The moment when I actually felt frightened was when walking up St James’s Street in central London one evening. Everything was dark. It felt like wartime. What had Britain come to? That for me was the very worst of times.

Then Heath attempted to strengthen his hand by calling a general election at the end of February. He addressed the country on television on the evening of 7 February, and asked: “Do you want a strong government which has clear authority for the future to take decisions which will be needed? Do you want Parliament and the elected government to continue to fight strenuously against inflation? Or do you want them to abandon the struggle against rising prices under pressure from one particularly powerful group of workers? This time of strife has got to stop.”
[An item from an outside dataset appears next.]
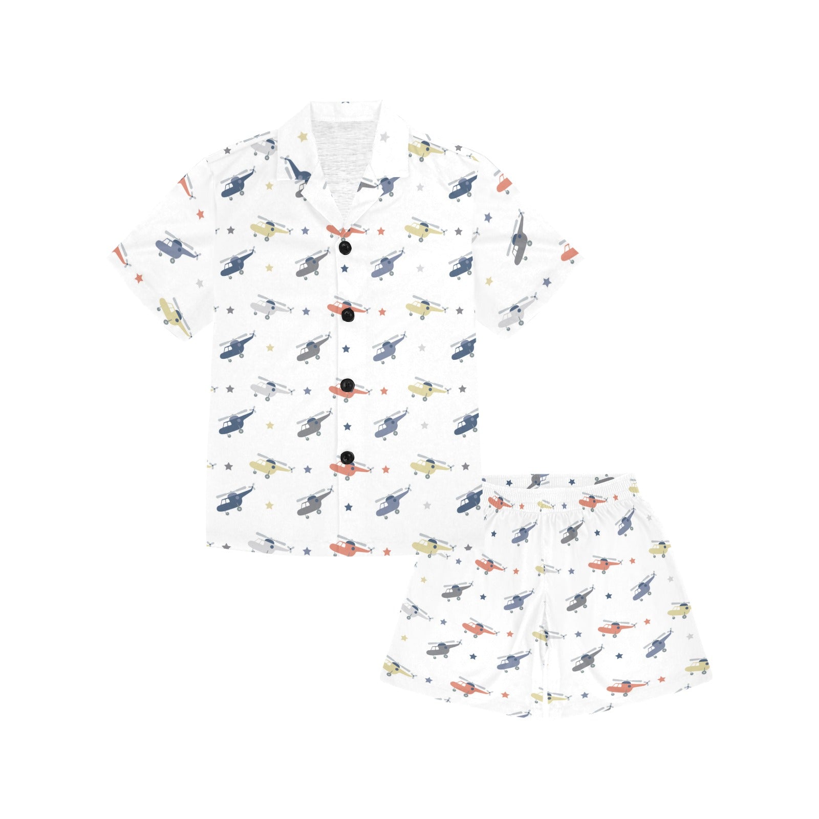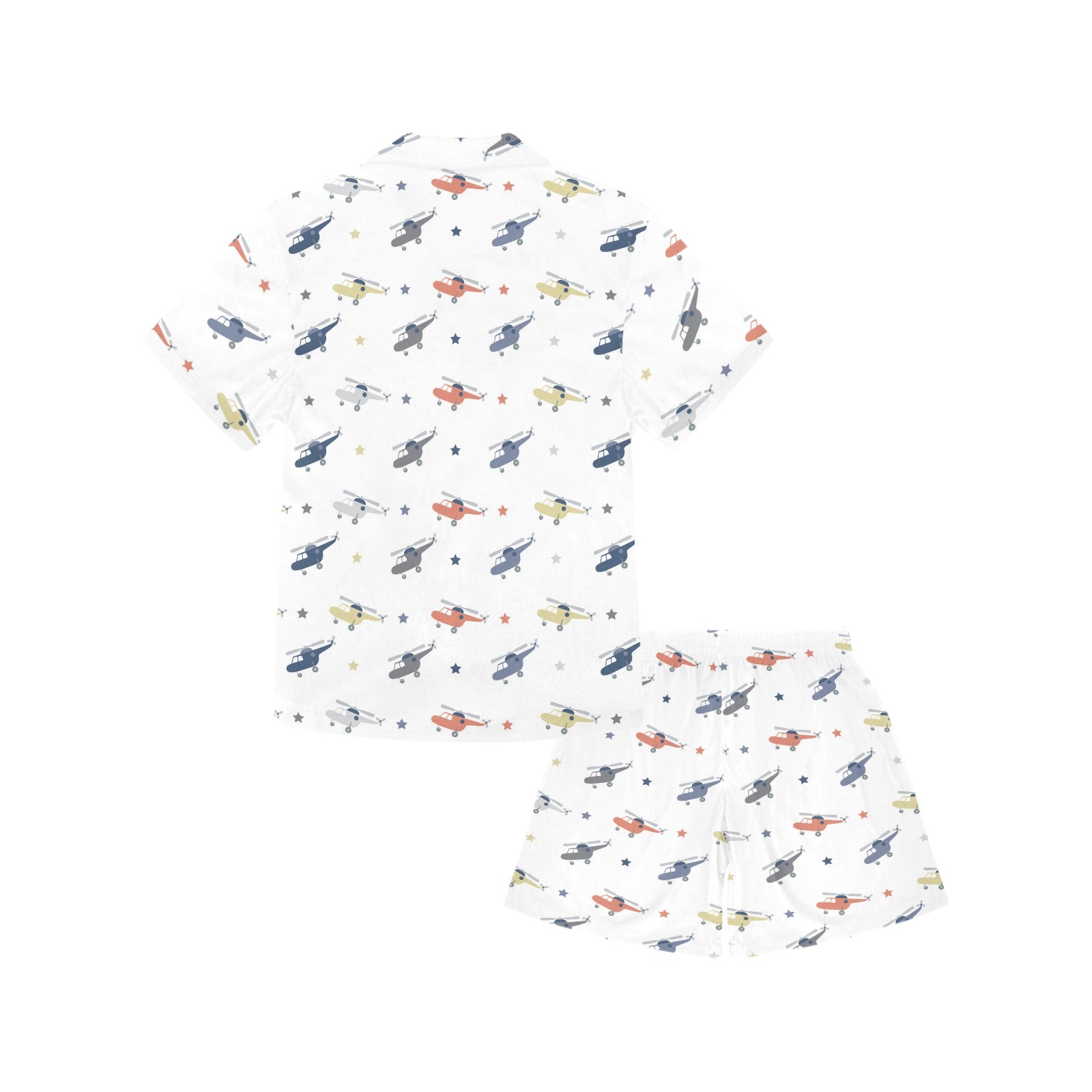 Cute helicopter star pattern Kids' Boys' Girls' V-Neck Short Pajama Set

I remember thinking at the time that we were being asked two questions rather than one: first, who governs the country, Parliament or the Trades Unions Congress? And second, do we approve of Heath’s record? My answer to the first was of course Parliament; my answer to the second was ‘no’. Inevitably the electorate’s answer was muddled. Labour won 301 seats to Conservatives 297. Labour under Harold Wilson formed a minority government and came back to the electorate eight months later to be rewarded with an overall majority of three.
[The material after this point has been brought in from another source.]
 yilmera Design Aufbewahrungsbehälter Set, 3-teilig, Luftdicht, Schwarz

Five years later, Thatcher won her first general election. She successfully took on the miners at the so-called Battle of Orgreave. This was a violent confrontation in 1984 between police and pickets at a British Steel Corporation’s coking plant. And she passed legislation that substantially weakened the trades unions.

But now the trades unions are getting restive again. Heath’s three-day week isn’t just ancient history from a bygone era. It is still relevant. Be warned.